Proptech is a broad term used to refer to a new generation of business and business models based on new and emerging technologies that are disrupting the traditional property markets and business models. Proptech and Fintech are closely related with the overlap of these two areas being how value is exchanged and transferred. In addition to this, it is related to how information is shared and, increasingly, how transparently this is being done.

The origins of proptech date back to the 1990s when the internet began to dominate the way we communicate, and the growth of the internet in 1995/96 led to the dot-com boom, which real estate participated in, albeit quite slowly and quite reluctantly.

So, the internet in the late 1990s was the first building block that established the proptech movement.

It took quite some time in the 2000’s for businesses like Rightmove and Zoopla to get established as residential listing sites using simple internet technology to transfer information.

The real driver that has created the third and current wave of innovation, which is unprecedented and much bigger than what was going on at the early 2000s, is mobile technology, the use of apps, and also the global financial crisis.

The global 2008/9 financial crisis questioned the competence of professionals and traditional ways of doing business in the whole financial tech area, and that made innovators think about alternative ways of transmitting information and transacting assets.

In parallel with the boom of mobile technology and social media apps in the late 2000s, established a platform whereby people could think about trading their most important assets, which would typically be their house, online, through an app, and that’s still the direction we’re heading.

So the origins of proptech are the internet growth in the 1990s, then the growth of mobile apps, and the global financial crisis.

There are three sorts of applications that are currently being worked on, and each of the three proptech horizontals provides unique opportunities and challenges within the proptech space.

The first being information exchange which is a phenomenon of the fintech revolution.

The giving of information online was broadly the first use of the internet.

By consequence, the provision of information about marketplaces is the first fintech movement that has transmitted directly into real estate tech, and particularly residential listings.

Indeed, crowdfunding, as a concept, can be coupled with fintech to produce more creative ways of attracting capital to buy a property.

But it’s tech that’s enabling this business because it brings together a large market of people who want to finance property with a large pool of people who want to invest in property.

So, technology is facilitating that, simply through the efficiency of information exchange through platforms.

The second application of fintech is in transactions, which are slowly being incorporated in real estate.

Indeed, slow it is, with the principle inhibitor being the conservativism of the real estate industry, but perhaps more importantly, it’s to do with the importance and the sheer size of property assets.

Trading property online with no consumer protection, no obvious protection from human beings involved in the process, and a lack of regulation in the process is difficult for people to contemplate.

The transaction process is being facilitated slowly through technology. but there is a lot of resistance, which is very naturally due to human conservatism.

The lack of regulation of the online trading of real estate is probably holding back innovation in this area.
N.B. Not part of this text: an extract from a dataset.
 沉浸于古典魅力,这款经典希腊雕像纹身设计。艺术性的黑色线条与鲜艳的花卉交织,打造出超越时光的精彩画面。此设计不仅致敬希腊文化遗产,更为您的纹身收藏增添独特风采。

Some efficient regulation of online trading of property, would give people much more confidence to be able to trade.

Nevertheless, we are starting to see websites that allow for properties being traded online, sign a contract online through a digital signature. As blockchain, becomes established, I can see this increasing, but it will be slow.

It also asks big questions about blockchain as a way of effecting a transaction and, again, the same question arises, where is the investor protection in blockchain?
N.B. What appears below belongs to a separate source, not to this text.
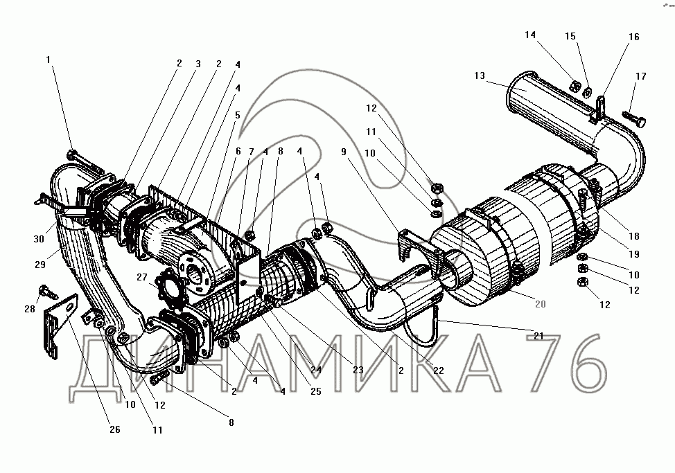 Перечень комплектующих от Система выпуска газов на УРАЛ-43206-41

Will people accept that the automated, codified regulation process is enough protection, or will they need lawyers and regulatory authorities to be supervising the process in order that there is some redress if anything goes wrong?

The third application of technology that’s hitting proptech is in a different area. And this is to do with the control of buildings, which can be managed through mobile apps or through computers.
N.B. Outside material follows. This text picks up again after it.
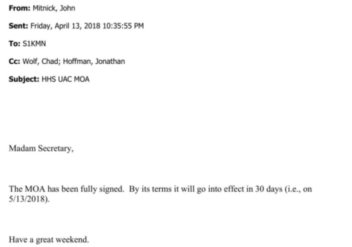 In April 2018, ICE General Counsel John Mitnick emailed Nielsen, Wolf, and others informing them that the HHS-DHS memorandum of agreement was signed. The MOA was about the Unaccompanied Alien Children program.

So, the best example of that would be the ability to turn your heating on when you’re travelling home from your mobile phone.

And the Internet of Things and smart technology applied to real estate is increasingly well established. It’s generally associated with energy saving. So, the movement is really projected and driven by the need to save energy.

There are many effective apps, which will be developed to help us save energy in homes, and to switch things on and off, and to increase our security, and so on. Those different proptech applications are driven partly by fintech and partly by construction and architecture.

In summary, the property sector is evolving with things much more transparent and computable than they ever were before.

Coupled with technologies like blockchain and AI, which are making the processing of that data, and the transference into actual contracts, almost completely automatic.

How long will it be before you’ll be able to buy an entire building with one click, and that’s it? No more documents and reams of paper and checks of the title and such like.

It’ll all be understood in these digital systems in such a way that you can just say, finance it, buy it, and that’s it.